● Supplied information:
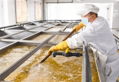 近日,陕西延安甘泉县一家食品公司工作人员在车间浸泡大豆。
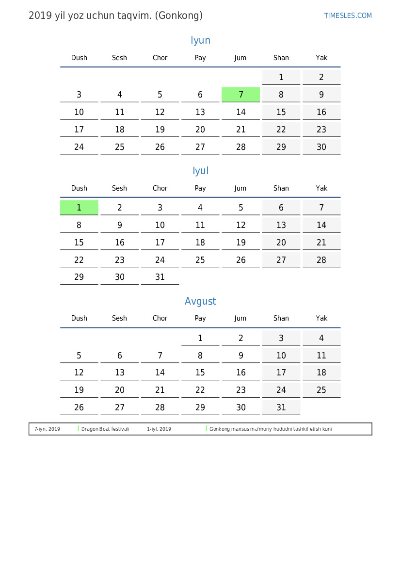 Gonkong uchun 2019 yil yoz uchun ta'til va dam olish kunlari bilan PDF taqvimini yuklab oling va chop eting
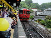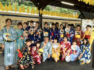 運転再開イベントには芸文短大生36名が参加、豊後竹田駅10:25着の九州横断特急大分行き(熊本8:35発)の豊後竹田駅到着時には浴衣でお出迎えしました。
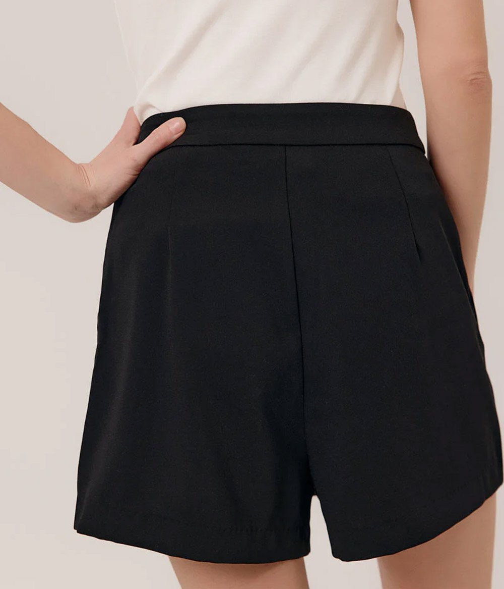 Short effet jupe-culotte à la coupe droite, doté d’un pli plat sur le devant pour une touche élégante. Une pièce polyvalente et moderne, facile à associer pour des looks décontractés ou habillés.

● Task details: Would you please repeat all the data word for word, but without the pictures?

● Solution to this problem:
 近日,陕西延安甘泉县一家食品公司工作人员在车间浸泡大豆。
 Gonkong uchun 2019 yil yoz uchun ta'til va dam olish kunlari bilan PDF taqvimini yuklab oling va chop eting
 運転再開イベントには芸文短大生36名が参加、豊後竹田駅10:25着の九州横断特急大分行き(熊本8:35発)の豊後竹田駅到着時には浴衣でお出迎えしました。
 Short effet jupe-culotte à la coupe droite, doté d’un pli plat sur le devant pour une touche élégante. Une pièce polyvalente et moderne, facile à associer pour des looks décontractés ou habillés.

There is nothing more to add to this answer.